At home, your on-the-job meals aren't deductible. But if you bring along a client to talk business, you can write off 50% of your work-related dining costs.

Note that the 2017 TCJA eliminated the deduction for any expenses related to activities considered entertainment, amusement, or recreation. So for example, if a meal is provided during a recreation activity, the food/drink must be purchased separately from the recreation activity, or itemized separately on the bill or receipt.

6. Insurance premiums

Self-employed and paying your own health insurance premiums? You may be able to deduct the amount you pay for medical and dental insurance and qualified long-term care insurance for yourself, your spouse, and your dependents. There are limits, and this topic can get a little complicated, so be sure to read up on the details.
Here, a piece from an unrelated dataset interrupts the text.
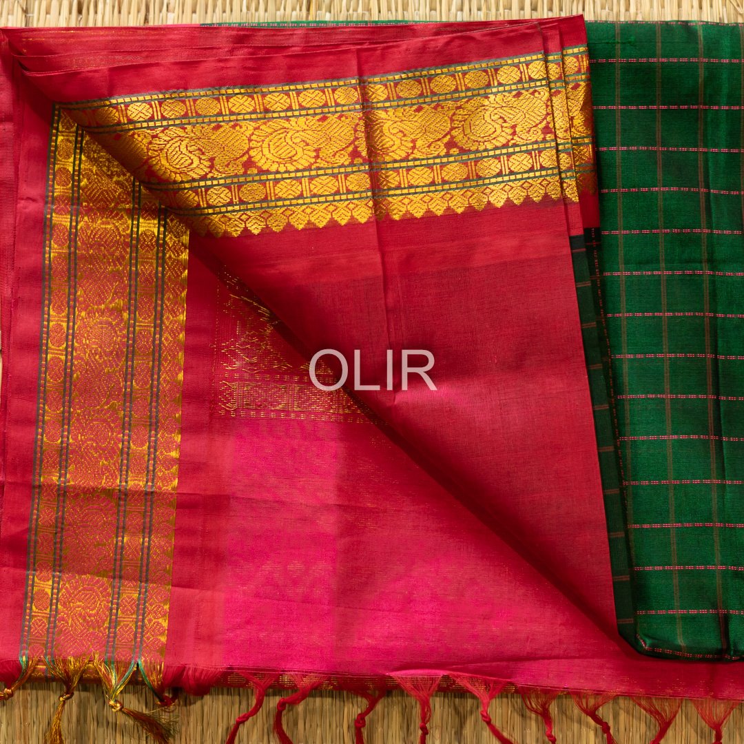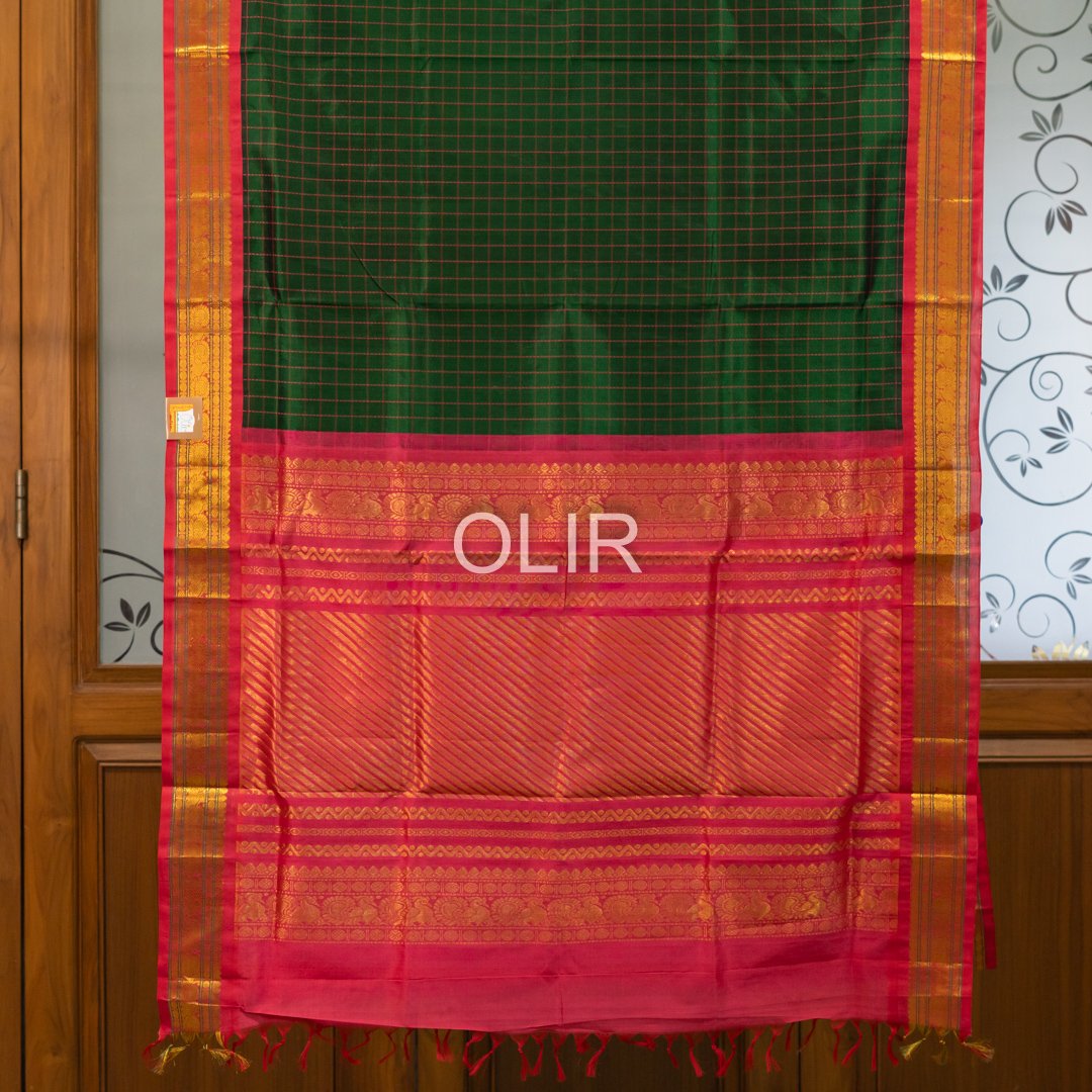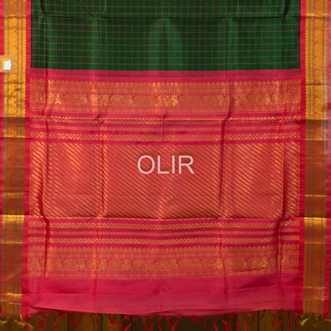 Dark green with pink big checks with bright pink gold zari border with peacock and rudraksh motifs. Pallu is grand in bright pink with traditional motifs

7. Retirement contributions

If you are self-employed and saving for your own retirement with a SEP IRA or Keogh, remember to deduct your contribution on your personal income tax return.

8. Social Security

If you're self-employed or starting a small business, you’ll need to make double the Social Security contributions you would as an employee. That's because, as a self-employed worker, you’ll be paying both the employer and the employee’s share of Social Security. The good news: You can deduct half of the contribution.

9. Telephone charges

Although you can’t deduct the cost of telephone service for the first phone line in your home, you can deduct charges for the business long-distance phone calls you make on that line, as well as the cost of a second line used exclusively for business.

If you use your cellphone for your business, you can claim those calls as a deduction. If 30% of your time on the phone is spent on business, you can deduct 30% of your phone bill.

10. Family help

If you hire your children as employees to do legitimate work in your business, you may be able to deduct their salaries as a business expense. If your child is under 18, you won’t have to withhold or pay any Social Security or Medicare tax on the salary (subject to a few exceptions).


I’m not a lawyer or accountant, so be sure to consult your tax professional on the benefits and deductions that suit your particular situation. Go to IRS.gov for more details on any of the above deductions.